■ Extracted information
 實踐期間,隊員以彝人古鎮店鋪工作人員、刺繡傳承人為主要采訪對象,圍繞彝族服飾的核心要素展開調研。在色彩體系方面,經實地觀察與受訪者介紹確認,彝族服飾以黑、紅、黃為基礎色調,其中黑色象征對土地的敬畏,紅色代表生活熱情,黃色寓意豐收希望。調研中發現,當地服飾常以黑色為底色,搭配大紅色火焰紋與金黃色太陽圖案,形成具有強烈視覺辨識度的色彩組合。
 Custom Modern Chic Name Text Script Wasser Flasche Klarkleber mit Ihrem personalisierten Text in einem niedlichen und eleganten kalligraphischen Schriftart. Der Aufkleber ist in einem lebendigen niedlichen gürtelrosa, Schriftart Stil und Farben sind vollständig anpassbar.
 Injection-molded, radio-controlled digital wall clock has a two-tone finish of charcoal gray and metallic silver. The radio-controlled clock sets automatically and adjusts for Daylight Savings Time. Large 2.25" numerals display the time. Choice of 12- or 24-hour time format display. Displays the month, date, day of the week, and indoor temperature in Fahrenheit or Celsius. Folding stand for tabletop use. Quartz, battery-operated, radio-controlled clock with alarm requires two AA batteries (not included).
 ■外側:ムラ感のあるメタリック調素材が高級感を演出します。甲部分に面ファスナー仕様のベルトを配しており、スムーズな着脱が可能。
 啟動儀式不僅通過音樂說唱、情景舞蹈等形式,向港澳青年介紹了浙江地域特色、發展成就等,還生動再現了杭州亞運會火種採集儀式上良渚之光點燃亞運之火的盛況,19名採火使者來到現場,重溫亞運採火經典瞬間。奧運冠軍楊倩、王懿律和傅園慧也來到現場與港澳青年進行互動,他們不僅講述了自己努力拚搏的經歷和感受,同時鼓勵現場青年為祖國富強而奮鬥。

--

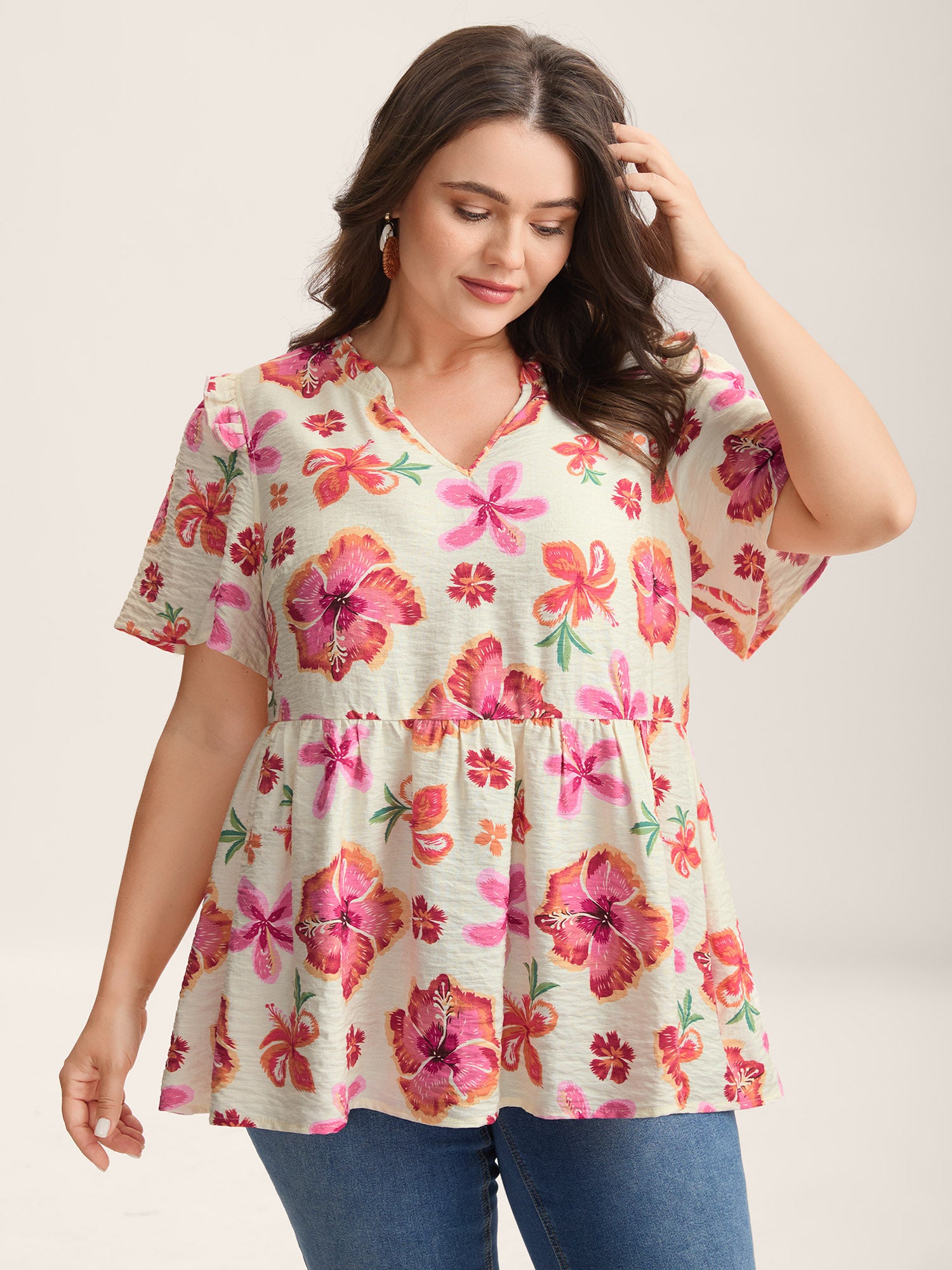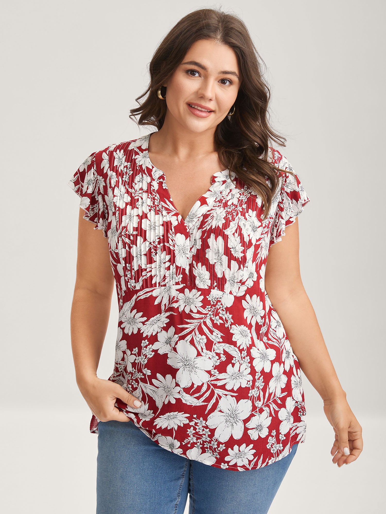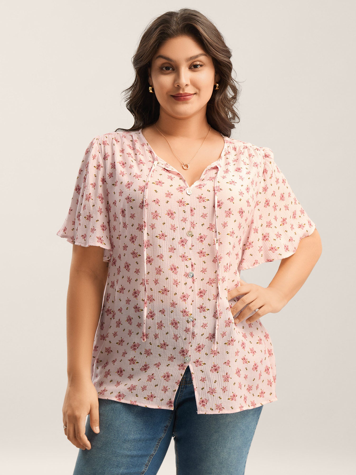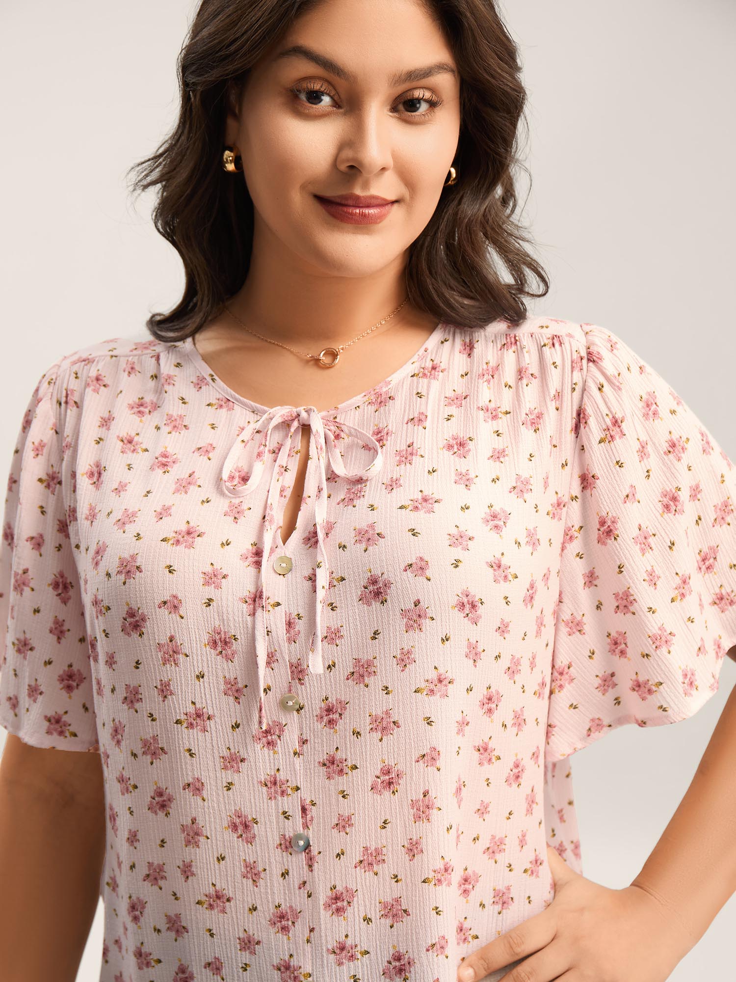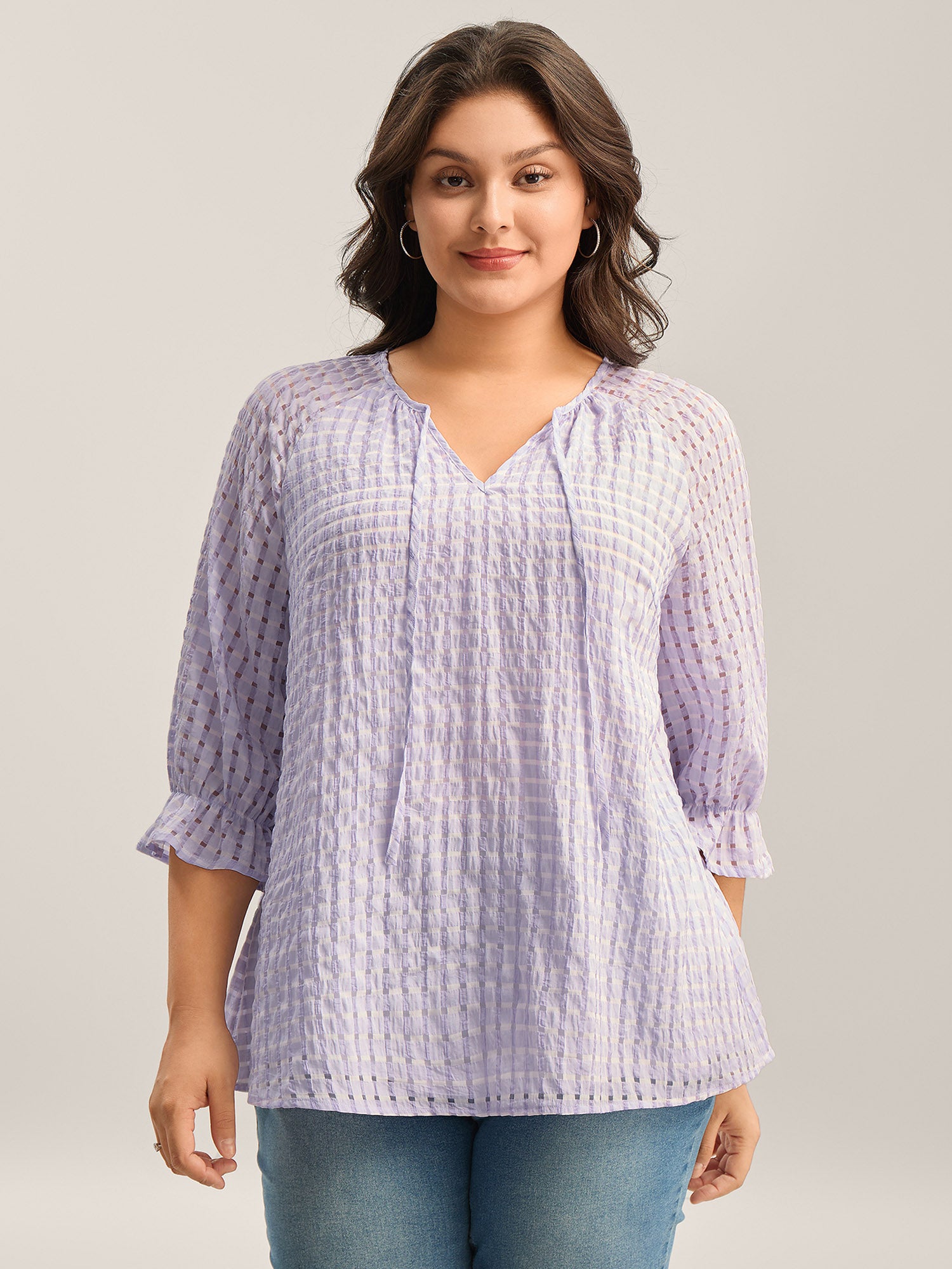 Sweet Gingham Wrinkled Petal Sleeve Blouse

...

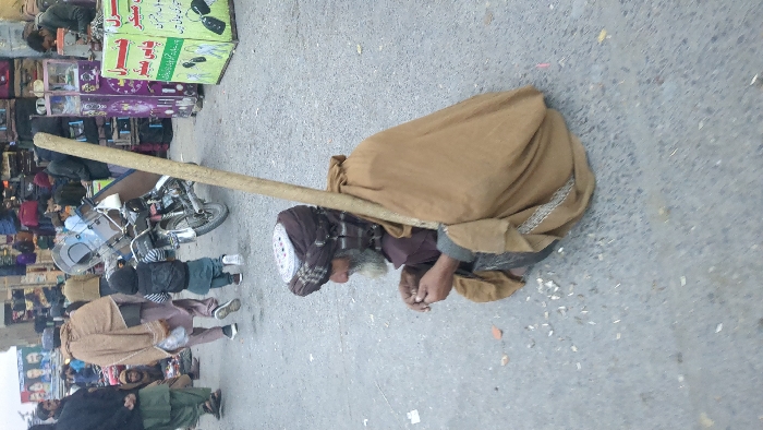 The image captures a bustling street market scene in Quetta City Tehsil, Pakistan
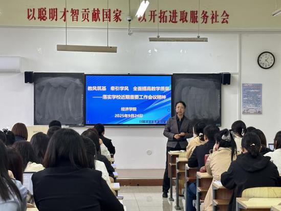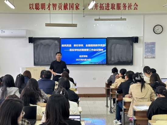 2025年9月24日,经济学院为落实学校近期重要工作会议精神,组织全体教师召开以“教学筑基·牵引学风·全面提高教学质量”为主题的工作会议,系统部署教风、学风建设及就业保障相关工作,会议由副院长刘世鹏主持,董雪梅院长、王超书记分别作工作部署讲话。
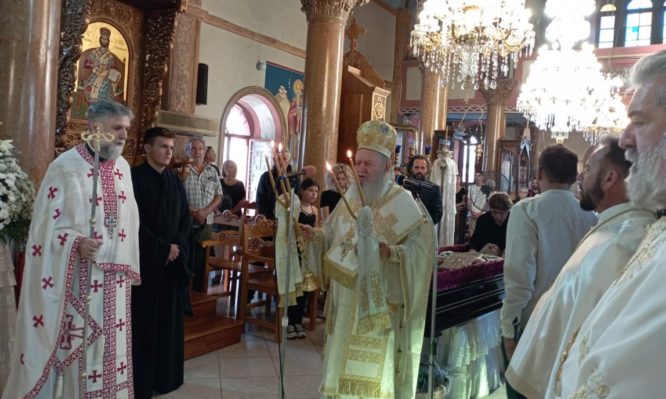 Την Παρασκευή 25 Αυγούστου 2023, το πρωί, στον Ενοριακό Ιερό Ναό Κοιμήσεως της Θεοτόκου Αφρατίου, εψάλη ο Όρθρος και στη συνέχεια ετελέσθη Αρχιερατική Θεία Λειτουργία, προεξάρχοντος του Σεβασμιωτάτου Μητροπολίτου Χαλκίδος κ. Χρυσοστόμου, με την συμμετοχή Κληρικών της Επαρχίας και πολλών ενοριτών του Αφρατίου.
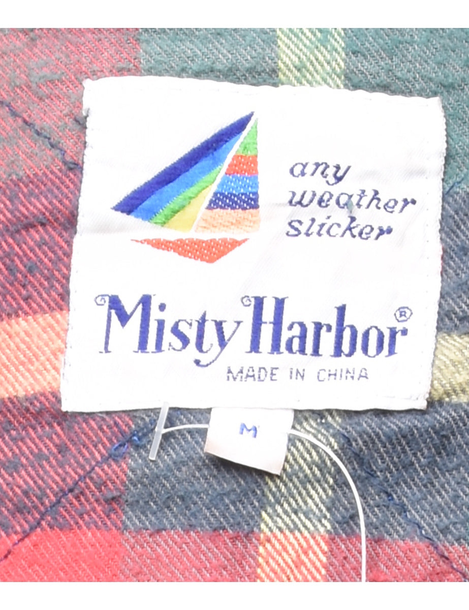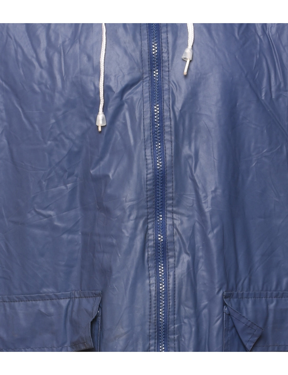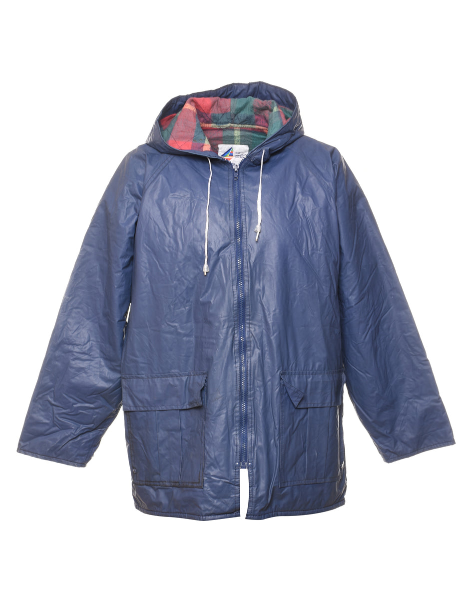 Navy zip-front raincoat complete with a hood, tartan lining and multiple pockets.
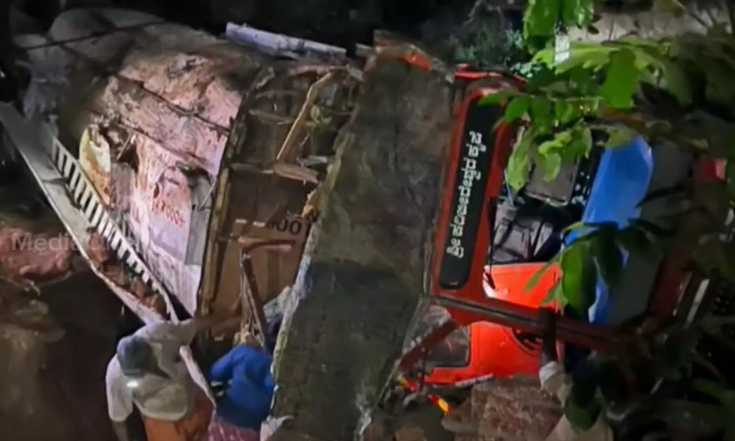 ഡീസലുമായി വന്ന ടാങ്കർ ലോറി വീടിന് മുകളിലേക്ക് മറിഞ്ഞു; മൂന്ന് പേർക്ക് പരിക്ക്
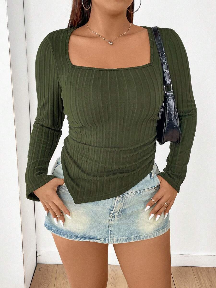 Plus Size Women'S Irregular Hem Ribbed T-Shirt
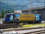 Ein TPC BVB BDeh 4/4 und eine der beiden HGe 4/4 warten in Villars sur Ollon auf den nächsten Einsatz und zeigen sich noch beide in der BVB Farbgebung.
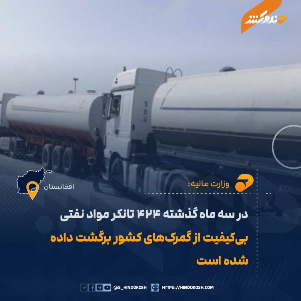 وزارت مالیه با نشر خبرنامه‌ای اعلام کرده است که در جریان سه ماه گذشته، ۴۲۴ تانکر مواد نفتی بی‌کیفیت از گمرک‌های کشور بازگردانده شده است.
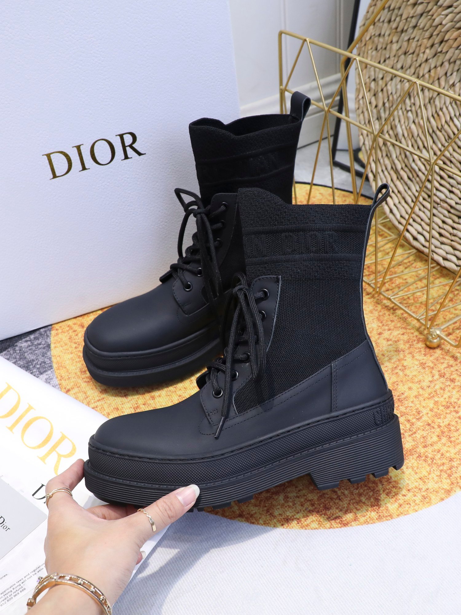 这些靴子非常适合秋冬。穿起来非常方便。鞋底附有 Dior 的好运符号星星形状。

■ Problem details
Could you transcribe exactly the entries above, but only the lines from the one with "وزارت مالیه با" through the one with "这些靴子非常适合秋冬。穿起来非常方便。鞋底附有 Dior 的好运符号星星形状。", and without pictures?

■ Problem solution
 وزارت مالیه با نشر خبرنامه‌ای اعلام کرده است که در جریان سه ماه گذشته، ۴۲۴ تانکر مواد نفتی بی‌کیفیت از گمرک‌های کشور بازگردانده شده است.
 这些靴子非常适合秋冬。穿起来非常方便。鞋底附有 Dior 的好运符号星星形状。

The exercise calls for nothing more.